From: Josip Popovic ([email protected])
Date: Tue Jun 13 2000 - 05:19:29 PDT
Speaking about VLSI circuits:
During some SSO (or SSN) and cross talk simulations I realized that
internal decoupling (Cdi) would actually increase probability of false
triggering input buffers (IOs from the same device). Overall rail noise
was lower but rails, since Cdi was added, would follow each other -
noise on gnd rail was distributed by Cdi to pwr rail and vice versa. I
see two difficulties with added Cdi:
1. Since rail noise is in phase input buffers are more susceptible to
false triggering due to dynamic thresholds (P and N transistors could
change their states in the same time: if input voltage is fixed and
high, P is closed (doesn't conduct) and N is open. If gnd rail due to
SSO goes high, pwr rail follows the gnd rail with a positive voltage
bump due to Cdi - the P can get open and N can get closed. Of course
there are different input buffer configurations.)

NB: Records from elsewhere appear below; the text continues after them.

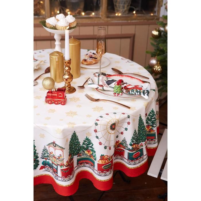 Скатерть «Этель» Новогодняя ярмарка d=150 +/- 3см с ГМВО, 100%хл, саржа 190 гр/м2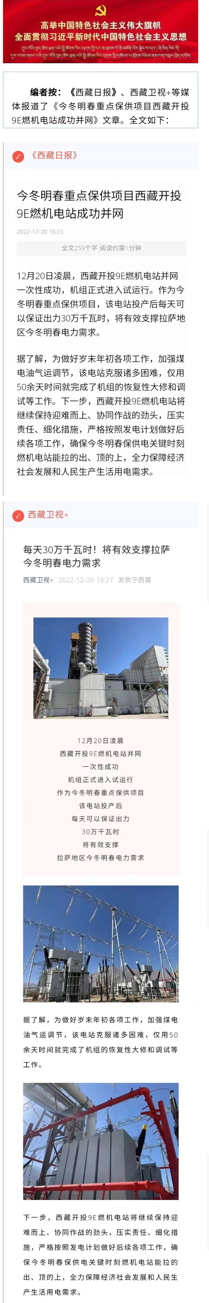 《西藏日報》、西藏衛視+報道今冬明春重點(diǎn)保供項目西藏開(kāi)投9E燃機電站成功并網(wǎng)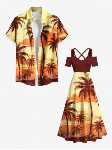 Plus Size Coconut Tree Ombre Dusk Print Hawaii Cold Shoulder Crisscross A Line Maxi Dress - Yellow - S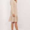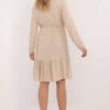 An everyday dress with a flared cut, ideal for both casual and work wear. Made from a blend of polyester and elastane, it offers comfort and freedom of movement, while looking elegant at the same time. The varied texture of the material gives it originality, drawing the eye with subtle details. The dress reaches before the knee, which makes it feminine and versatile. Decorated at the bottom with a ruffle, it adds lightness and movement to the styling. The tied neckline and long sleeves give it a stylish and comfortable character, ideal for various everyday occasions.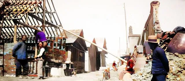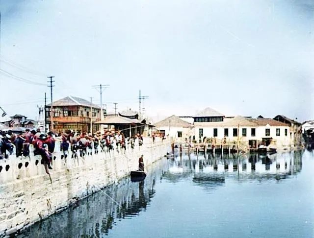 这第一张里头站着一群日本兵,胶片颜色早淡成牛皮纸色,能闻到烟草味,兵服棱角到袖口都是笔挺的,挨肩站一排,后面房檐斜着搭下来,右边有个家伙笑得满脸褶子,腰带上还挂着相机,那时候一张合影就是大事,旁边晃进来个穿便服的,脚下擦得锃亮的小皮鞋印进画面里,家里人看见这张都嘀咕,“这些是当天进城的吧”,我外公说他小时候见过这阵仗,城南那块地面光打得晃眼,日本兵一站满大街,衣服上的扣子咔啦咔啦响,全城气压像蒙上一层布一样压着。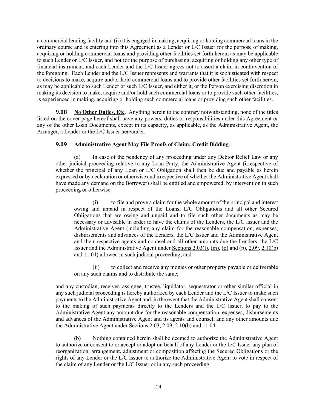 124 a commercial lending facility and (ii) it is engaged in making, acquiring or holding commercial loans in the ordinary course and is entering into this Agreement as a Lender or L/C Issuer for the purpose of making, acquiring or holding commercial loans and providing other facilities set forth herein as may be applicable to such Lender or L/C Issuer, and not for the purpose of purchasing, acquiring or holding any other type of financial instrument, and each Lender and the L/C Issuer agrees not to assert a claim in contravention of the foregoing. Each Lender and the L/C Issuer represents and warrants that it is sophisticated with respect to decisions to make, acquire and/or hold commercial loans and to provide other facilities set forth herein, as may be applicable to such Lender or such L/C Issuer, and either it, or the Person exercising discretion in making its decision to make, acquire and/or hold such commercial loans or to provide such other facilities, is experienced in making, acquiring or holding such commercial loans or providing such other facilities. 9.08 No Other Duties, Etc. Anything herein to the contrary notwithstanding, none of the titles listed on the cover page hereof shall have any powers, duties or responsibilities under this Agreement or any of the other Loan Documents, except in its capacity, as applicable, as the Administrative Agent, the Arranger, a Lender or the L/C Issuer hereunder. 9.09 Administrative Agent May File Proofs of Claim; Credit Bidding. (a) In case of the pendency of any proceeding under any Debtor Relief Law or any other judicial proceeding relative to any Loan Party, the Administrative Agent (irrespective of whether the principal of any Loan or L/C Obligation shall then be due and payable as herein expressed or by declaration or otherwise and irrespective of whether the Administrative Agent shall have made any demand on the Borrower) shall be entitled and empowered, by intervention in such proceeding or otherwise: (i) to file and prove a claim for the whole amount of the principal and interest owing and unpaid in respect of the Loans, L/C Obligations and all other Secured Obligations that are owing and unpaid and to file such other documents as may be necessary or advisable in order to have the claims of the Lenders, the L/C Issuer and the Administrative Agent (including any claim for the reasonable compensation, expenses, disbursements and advances of the Lenders, the L/C Issuer and the Administrative Agent and their respective agents and counsel and all other amounts due the Lenders, the L/C Issuer and the Administrative Agent under Sections 2.03(l), (m), (o) and (p), 2.09, 2.10(b) and 11.04) allowed in such judicial proceeding; and (ii) to collect and receive any monies or other property payable or deliverable on any such claims and to distribute the same; and any custodian, receiver, assignee, trustee, liquidator, sequestrator or other similar official in any such judicial proceeding is hereby authorized by each Lender and the L/C Issuer to make such payments to the Administrative Agent and, in the event that the Administrative Agent shall consent to the making of such payments directly to the Lenders and the L/C Issuer, to pay to the Administrative Agent any amount due for the reasonable compensation, expenses, disbursements and advances of the Administrative Agent and its agents and counsel, and any other amounts due the Administrative Agent under Sections 2.03, 2.09, 2.10(b) and 11.04. (b) Nothing contained herein shall be deemed to authorize the Administrative Agent to authorize or consent to or accept or adopt on behalf of any Lender or the L/C Issuer any plan of reorganization, arrangement, adjustment or composition affecting the Secured Obligations or the rights of any Lender or the L/C Issuer to authorize the Administrative Agent to vote in respect of the claim of any Lender or the L/C Issuer or in any such proceeding.

2. Oscillations on power rails due to Cdi and L_package_leads that form
a resonant circuit with very high Q (long setup times and high
[email protected] wrote:
> there seems to be a lot of discussions about using pcb capacitance
> or spreading bypass caps value for flat response. i would like to
> offer some counter points to the discussions.
> for core noise decoupling
> in all of my analysis for core power decoupling, whether using wire
> bond or c4 packages, the package inductance (bond wire or c4 bump/
> distribution, core via and package pin) is so high that no external
> decoupling can help or contribute to the initial transient. you
> can connect an ideal source to the pin and it still won't help
> the initial transient voltage drop. it seems to me other than
> on die decoupling and on package decoupling capacitors, any
> attempt to use external decoupling caps for >500MHz core noise
> is not effective.
> if you buy into the above observation, the function of external
> caps are only used for resupply the depleted charges of the
> on die or package decoupling caps. a mere few hundred pf from
> the plane capacitance is not going to cut it. what you really
> need is the bulkiest and lowest esl/esr cap you can place and
> manufacture near your package. followed by even larger and
> bulky cap further away until the power supply wakes up. i
> have not seen any benefit from caps that is lower than 0.01uf
> in suppressing core noise at all. think about it in another way,
> if external decoupling can do the magic, why does sso happens ?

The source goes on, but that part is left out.